● WHAT THE TASK ASKS: Everything in the listing should be set down exactly, apart from the pictures.

● DATA PROVIDED:
═══

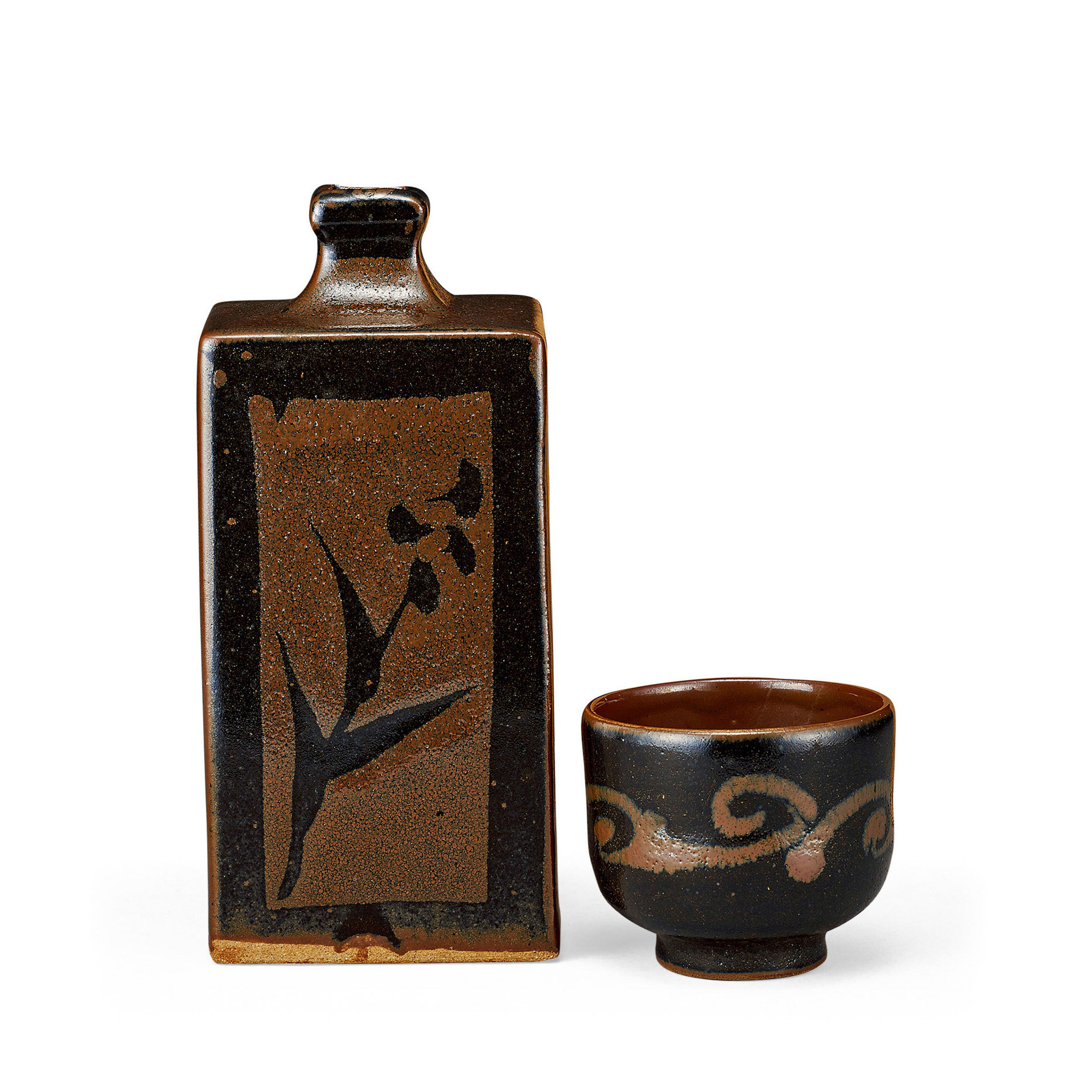 浜田庄司 鐵釉花瓶鐵釉酒杯(共箱)
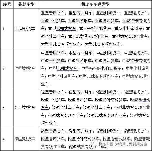 注:以上补助均为一次性补助。车辆类型以公安交管部门登记数据为准,并参照附表《老旧车提前淘汰奖励补助车型与机动车注册登记类型对应表》执行。
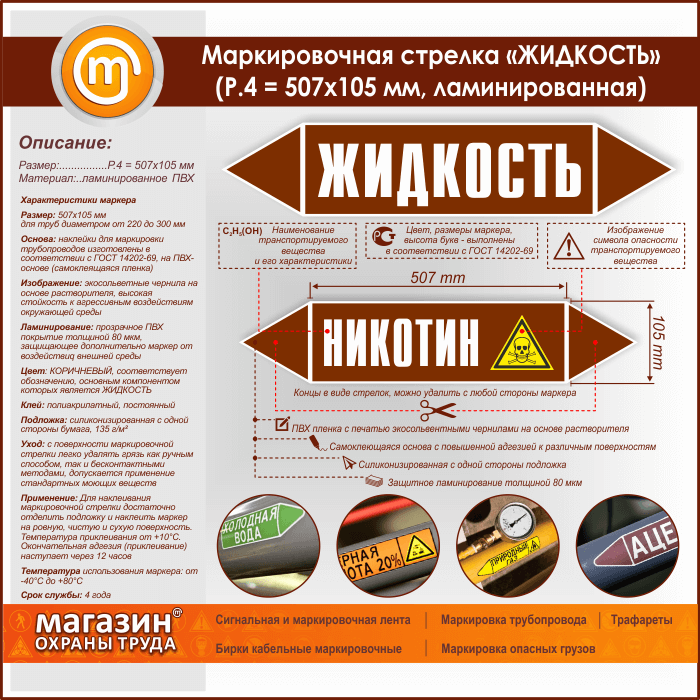 Маркировочная стрелка «ЖИДКОСТЬ»(P.4 = 507х105 мм, самоклеящаяся плёнка с ламинированием) в Твери купить

═══

● ANSWER:
 浜田庄司 鐵釉花瓶鐵釉酒杯(共箱)
 注:以上补助均为一次性补助。车辆类型以公安交管部门登记数据为准,并参照附表《老旧车提前淘汰奖励补助车型与机动车注册登记类型对应表》执行。
 Маркировочная стрелка «ЖИДКОСТЬ»(P.4 = 507х105 мм, самоклеящаяся плёнка с ламинированием) в Твери купить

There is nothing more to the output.